#### [Recorded information]
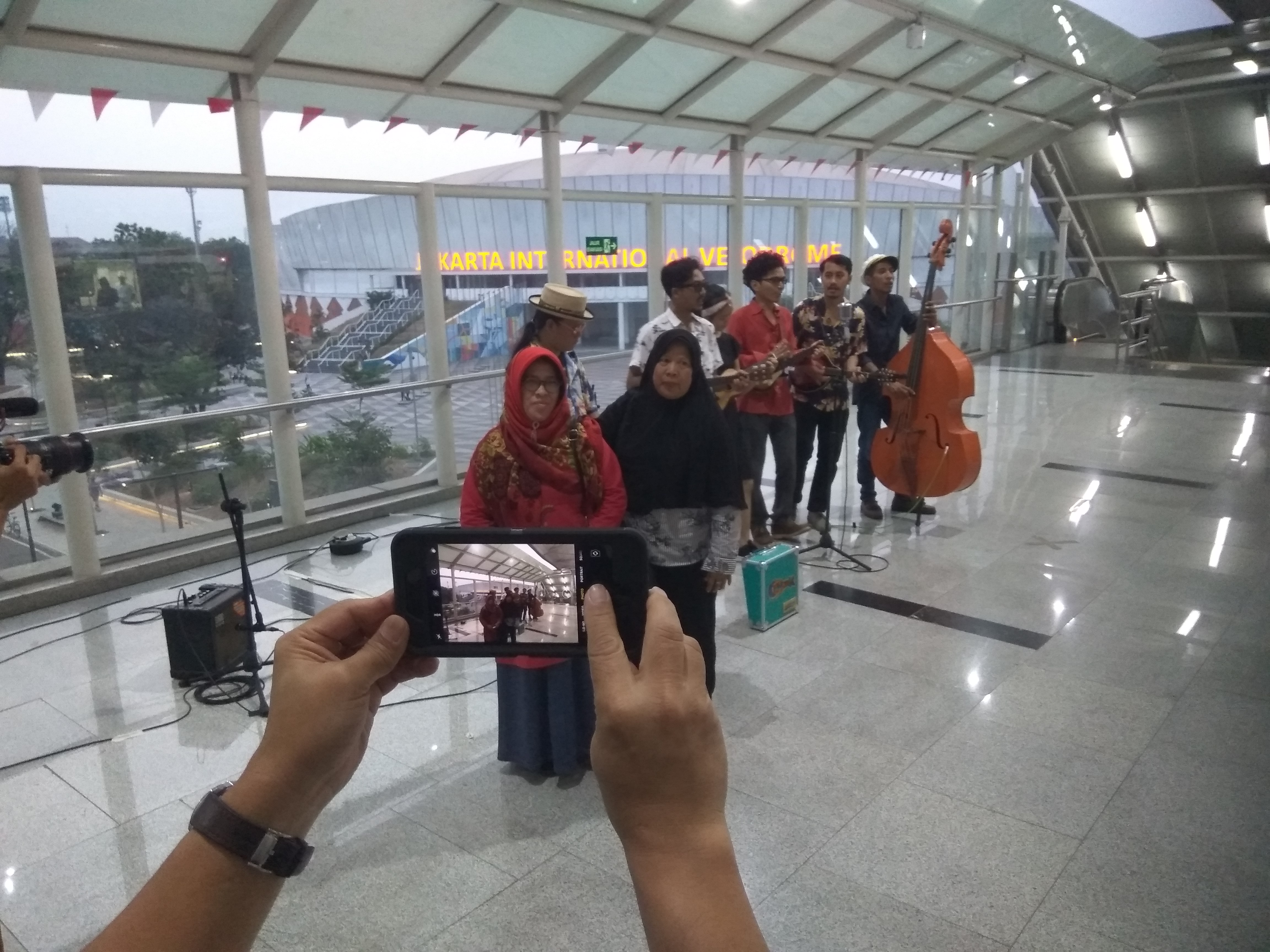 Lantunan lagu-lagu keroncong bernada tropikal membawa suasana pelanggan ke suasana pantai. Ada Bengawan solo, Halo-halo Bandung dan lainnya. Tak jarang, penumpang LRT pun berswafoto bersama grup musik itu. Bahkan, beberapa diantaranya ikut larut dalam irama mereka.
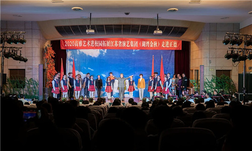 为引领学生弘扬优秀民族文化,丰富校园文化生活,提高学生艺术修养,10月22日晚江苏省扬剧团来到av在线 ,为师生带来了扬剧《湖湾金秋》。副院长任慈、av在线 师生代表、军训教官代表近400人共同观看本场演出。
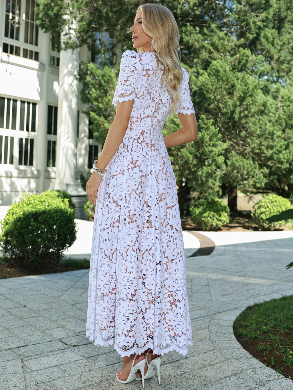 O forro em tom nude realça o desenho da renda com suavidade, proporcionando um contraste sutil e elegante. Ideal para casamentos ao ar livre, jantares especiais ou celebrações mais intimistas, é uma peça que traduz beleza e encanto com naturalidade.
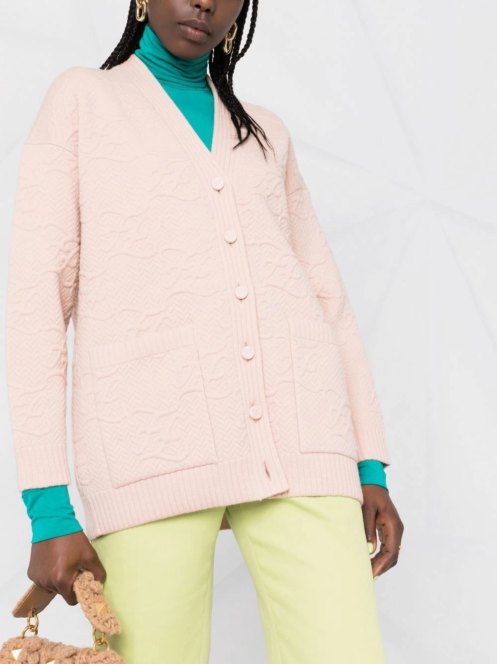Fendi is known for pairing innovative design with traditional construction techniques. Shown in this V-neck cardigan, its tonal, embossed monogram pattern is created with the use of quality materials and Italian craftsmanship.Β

#### [About this exercise]
Would it be possible to give the material above again exactly, with the pictures left out?

#### [Result of this task]
 Lantunan lagu-lagu keroncong bernada tropikal membawa suasana pelanggan ke suasana pantai. Ada Bengawan solo, Halo-halo Bandung dan lainnya. Tak jarang, penumpang LRT pun berswafoto bersama grup musik itu. Bahkan, beberapa diantaranya ikut larut dalam irama mereka.
 为引领学生弘扬优秀民族文化,丰富校园文化生活,提高学生艺术修养,10月22日晚江苏省扬剧团来到av在线 ,为师生带来了扬剧《湖湾金秋》。副院长任慈、av在线 师生代表、军训教官代表近400人共同观看本场演出。
 O forro em tom nude realça o desenho da renda com suavidade, proporcionando um contraste sutil e elegante. Ideal para casamentos ao ar livre, jantares especiais ou celebrações mais intimistas, é uma peça que traduz beleza e encanto com naturalidade.
Fendi is known for pairing innovative design with traditional construction techniques. Shown in this V-neck cardigan, its tonal, embossed monogram pattern is created with the use of quality materials and Italian craftsmanship.Β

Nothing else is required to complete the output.